## Problem statement
Output all records exactly, with no images.

****************

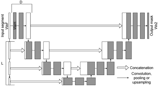 The U-Net model is one of the most widely used CNN architectures for segmentation tasks. The 1D U-Net is an adaptation of the original 2D image segmentation model to one-dimensional sequential data, making it well suited for biomedical signal analysis, including EEG. The schematic representation of the 1D U-Net architecture is presented in Figure 3.
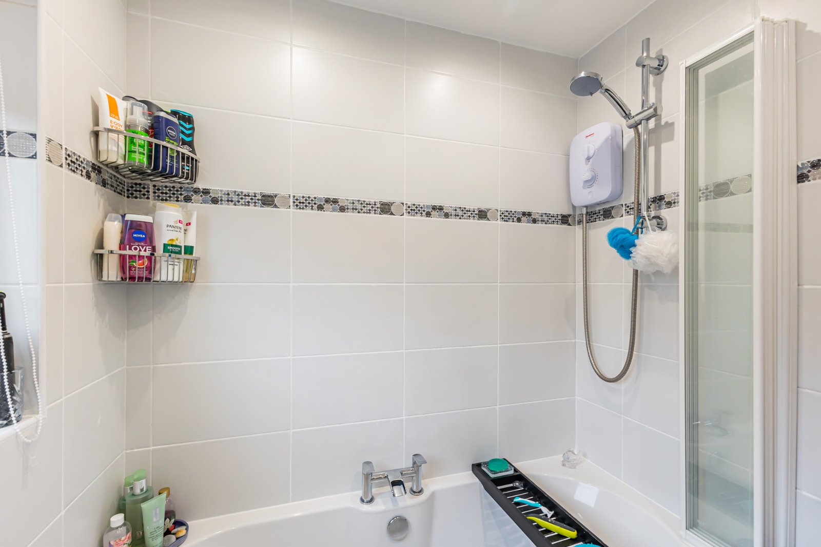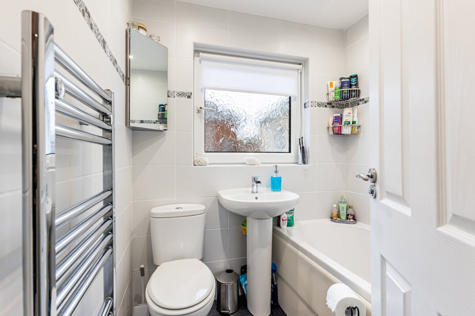 White suite comprising : Panelled bath with stainless steel mixer taps and shower unit,, dual flush WC, pedestal wash hand basin, tiled floor, fully tiled walls, chrome towel radiator
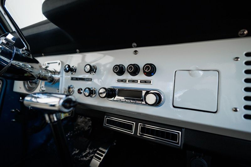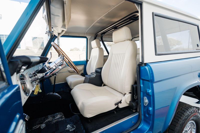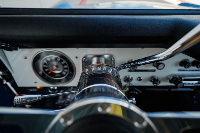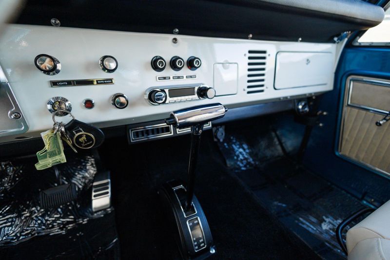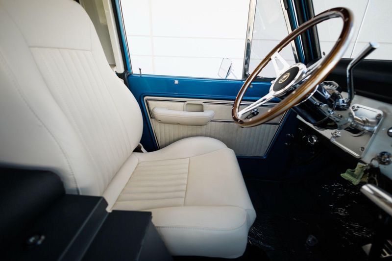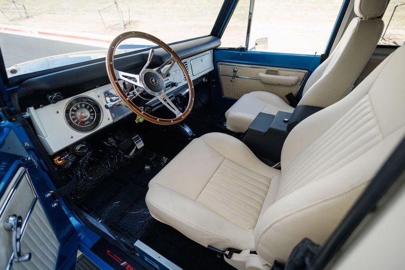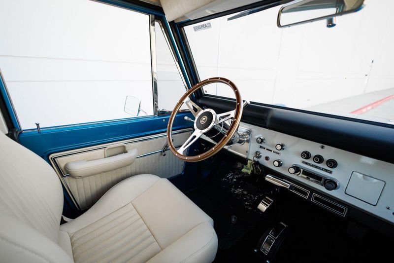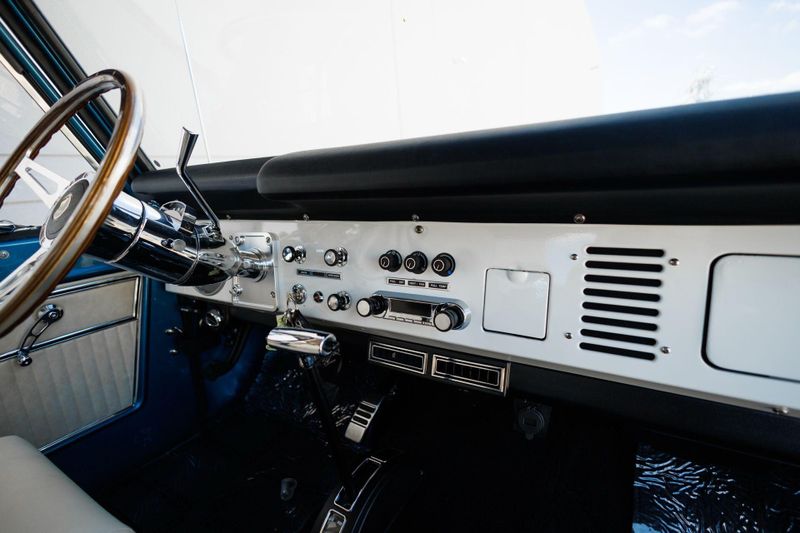 Tom's Offroad custom Bronco bucket seats with rear fold down seat offer premium comfort with classic style. Air conditioning and a RetroSound radio with Bluetooth connectivity deliver 4-season comfort and entertainment. A locking center console and custom-built roll bar augment security and safety.
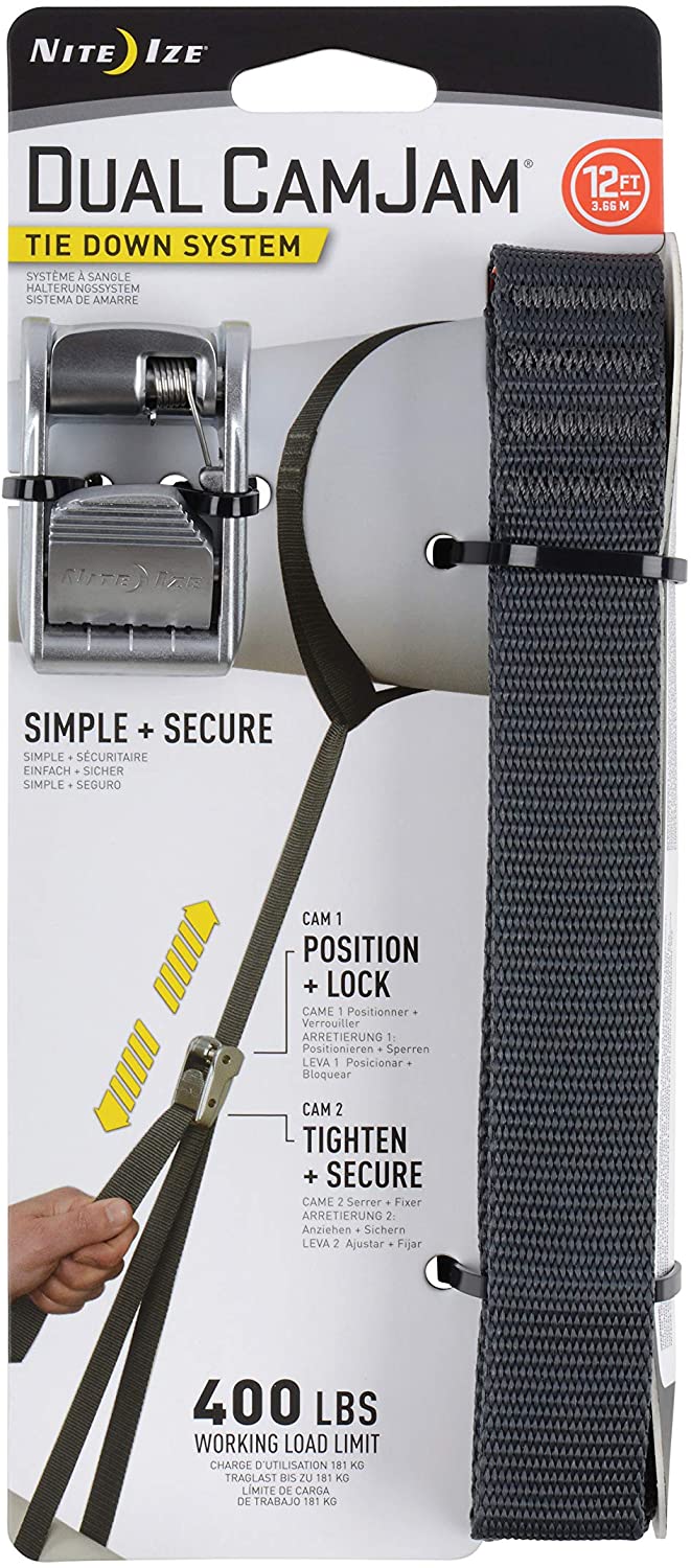 The Dual CamJam Tie Down System has been masterfully engineered to secure and lock down your equipment and gear. The innovative Dual CamJam buckle features not one but two cam locking mechanisms, one on each end of its zinc alloy body. The system also includes a high density 1" polypropylene webbing strap with an integrated bar tacked loop on one end. With the buckle independent of the strap and completely adjustable, this innovative system is the most versatile tie down you'll ever use.
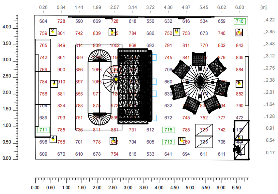 數(shù)值圖顯示區(qū)域照度為700lx-800lx
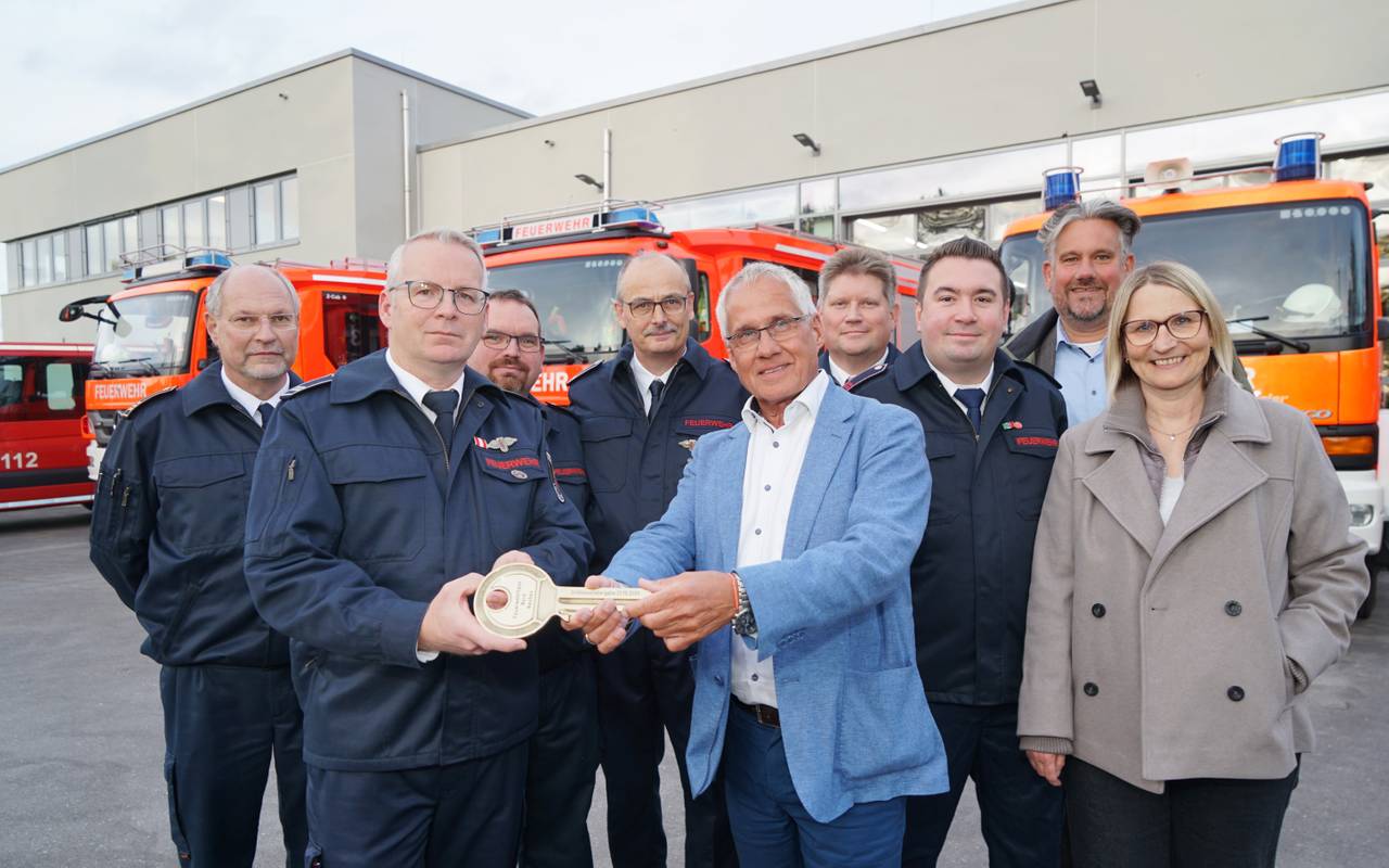 Das neue Feuerwehrhaus Nord an der Haus Gravener Straße in Langenfeld ist so gut wie fertig. Bürgermeister Frank Schneider hat der Feuerwehr jetzt den Schlüssel übergeben, meldet die Stadt.

****************

## Completed task
 The U-Net model is one of the most widely used CNN architectures for segmentation tasks. The 1D U-Net is an adaptation of the original 2D image segmentation model to one-dimensional sequential data, making it well suited for biomedical signal analysis, including EEG. The schematic representation of the 1D U-Net architecture is presented in Figure 3.
 White suite comprising : Panelled bath with stainless steel mixer taps and shower unit,, dual flush WC, pedestal wash hand basin, tiled floor, fully tiled walls, chrome towel radiator
 Tom's Offroad custom Bronco bucket seats with rear fold down seat offer premium comfort with classic style. Air conditioning and a RetroSound radio with Bluetooth connectivity deliver 4-season comfort and entertainment. A locking center console and custom-built roll bar augment security and safety.
 The Dual CamJam Tie Down System has been masterfully engineered to secure and lock down your equipment and gear. The innovative Dual CamJam buckle features not one but two cam locking mechanisms, one on each end of its zinc alloy body. The system also includes a high density 1" polypropylene webbing strap with an integrated bar tacked loop on one end. With the buckle independent of the strap and completely adjustable, this innovative system is the most versatile tie down you'll ever use.
 數(shù)值圖顯示區(qū)域照度為700lx-800lx
 Das neue Feuerwehrhaus Nord an der Haus Gravener Straße in Langenfeld ist so gut wie fertig. Bürgermeister Frank Schneider hat der Feuerwehr jetzt den Schlüssel übergeben, meldet die Stadt.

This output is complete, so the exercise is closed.